This article supporting source code
XML is defined according to Unicode characters. In the process of transmitting and storing modern computers, those Unicode characters must be stored in bytes and decoded through the parser. Many coding schemes can achieve this goal: UTF-8, UTF-16, Iso-8859-1, Cp1252, and Sjis.
Usually, but not always, you don't really care about the basic code. The XML parser converts any document written to a Unicode string and a character array. The program operates on the decoded string. This article discusses the "infrequently occurring" situation that is really concerned with basic coding.
The most common scenario is to save the input encoding for the output result.
Alternatively, the document is stored in the database as a string or character large object (Character Large object, CLOB) without parsing it.
Similarly, when some systems transmit XML documents over HTTP, they do not read all the documents, but they need to set the HTTP Content-type header to specify the correct encoding. In this case, you need to know how the document is encoded.

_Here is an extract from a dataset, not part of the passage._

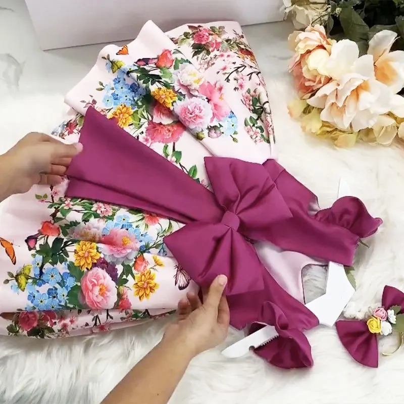 Новинка 2022, бальное платье с цветочным принтом, для маленьких девочек, для свадьбы, вечеринки, ярко-фиолетовый роскошный детский костюм для девочек

In most cases, you know how to encode a document that you write. However, if you are not writing a document-just a document that you receive from another place (for example, from an Atom feed)-then the best approach is to use a streaming API, such as simple APIs for XML (SAX), streaming API for XML (StAX), System.Xml.XmlReader or Xerces Native Interface (XNI). In addition, you can also use a tree API, such as the Document Object Model (MODEL,DOM). However, they need to read the entire document, even if they usually need to read the first 100 bytes (or less) to determine the encoding. The streaming API can read only what is needed, and once the result is obtained, it is no longer resolved. This will be more efficient.
Sax
Currently, most sax parsers, including a SAX parser bound to Sun's Java™ Software Development Kit (JDK) 6, can be used to detect encodings. This technology is not difficult to implement, but it is not easy to understand. Can be simply summed up as:
In the Setdocumentlocator method, the Locator parameter is passed to the Locator2.
Save the Locator2 object in the field.
In the Startdocument method, call the GetEncoding () method of the Locator2 field.
(optional) If you've got all the results you want, you can throw saxexception to end the parsing process prematurely.